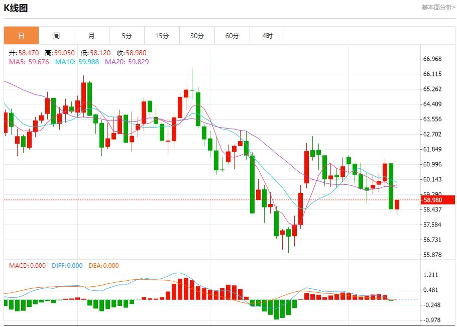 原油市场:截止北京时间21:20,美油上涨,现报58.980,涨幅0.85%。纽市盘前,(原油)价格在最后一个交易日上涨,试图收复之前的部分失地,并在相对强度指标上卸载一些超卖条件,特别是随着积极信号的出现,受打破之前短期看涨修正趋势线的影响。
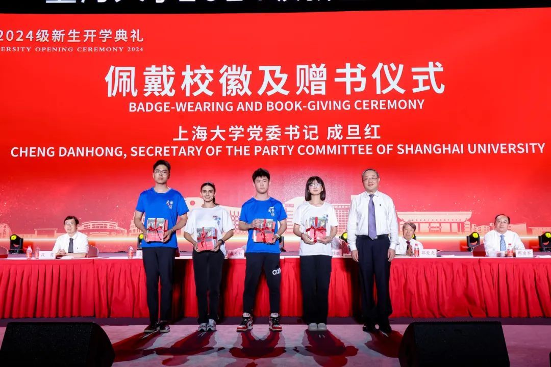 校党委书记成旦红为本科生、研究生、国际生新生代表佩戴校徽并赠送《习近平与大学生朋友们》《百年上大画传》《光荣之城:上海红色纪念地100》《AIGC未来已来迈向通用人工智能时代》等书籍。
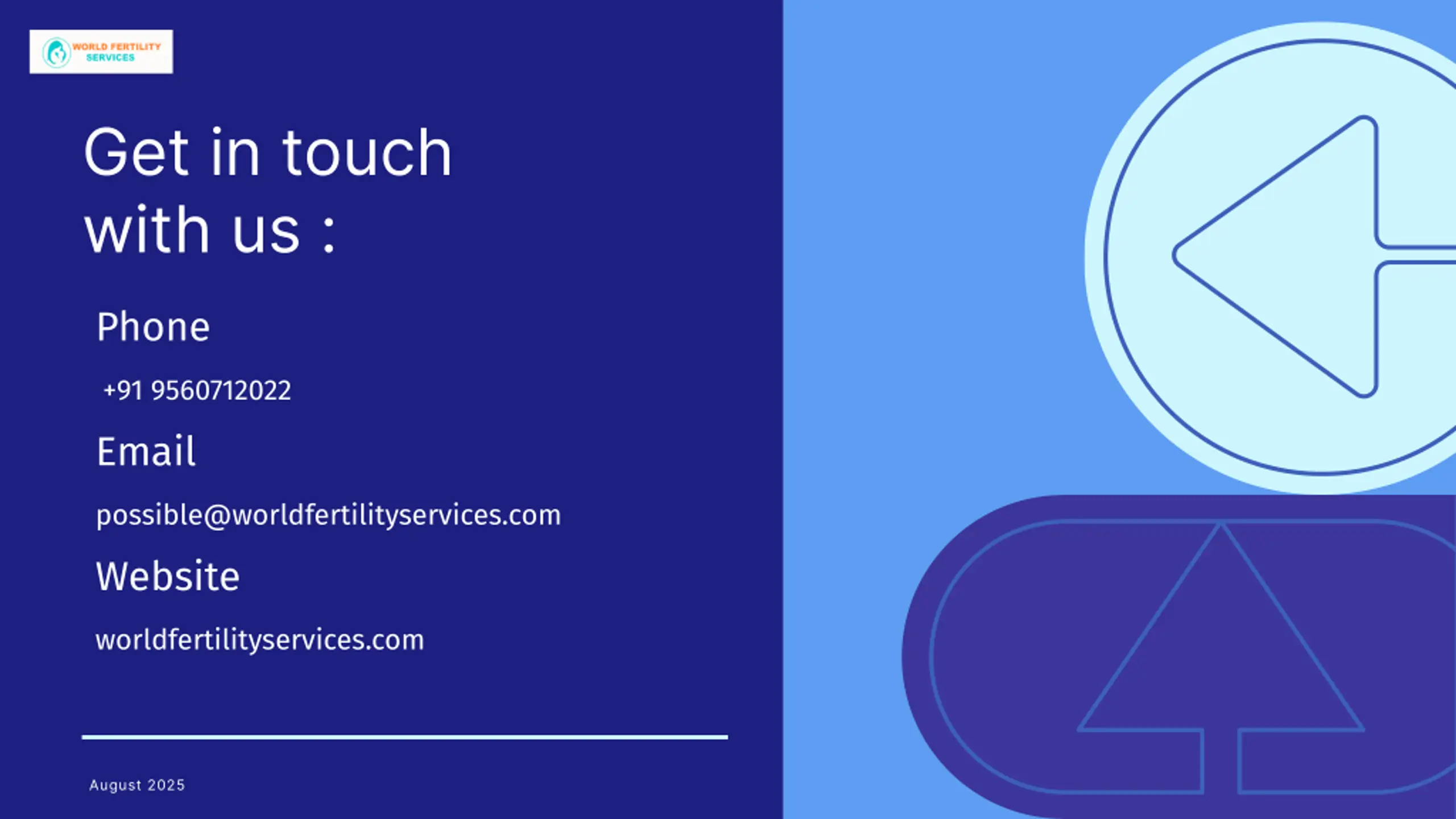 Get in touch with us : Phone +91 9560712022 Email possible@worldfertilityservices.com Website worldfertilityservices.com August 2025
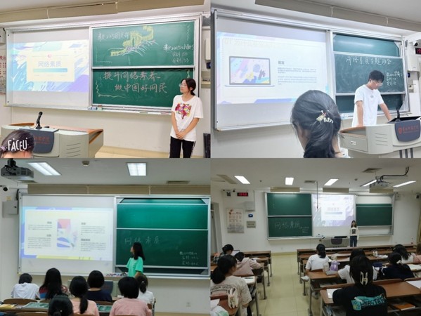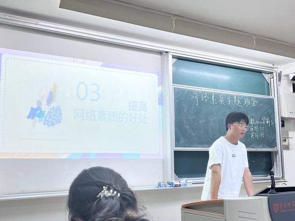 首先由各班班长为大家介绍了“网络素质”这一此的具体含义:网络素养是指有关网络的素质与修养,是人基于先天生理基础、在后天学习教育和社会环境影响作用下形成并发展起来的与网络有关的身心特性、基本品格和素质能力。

» **Your goal**
I would like the data above transcribed exactly, with its pictures left out.

» **Response to the exercise**
 原油市场:截止北京时间21:20,美油上涨,现报58.980,涨幅0.85%。纽市盘前,(原油)价格在最后一个交易日上涨,试图收复之前的部分失地,并在相对强度指标上卸载一些超卖条件,特别是随着积极信号的出现,受打破之前短期看涨修正趋势线的影响。
 校党委书记成旦红为本科生、研究生、国际生新生代表佩戴校徽并赠送《习近平与大学生朋友们》《百年上大画传》《光荣之城:上海红色纪念地100》《AIGC未来已来迈向通用人工智能时代》等书籍。
 Get in touch with us : Phone +91 9560712022 Email possible@worldfertilityservices.com Website worldfertilityservices.com August 2025
 首先由各班班长为大家介绍了“网络素质”这一此的具体含义:网络素养是指有关网络的素质与修养,是人基于先天生理基础、在后天学习教育和社会环境影响作用下形成并发展起来的与网络有关的身心特性、基本品格和素质能力。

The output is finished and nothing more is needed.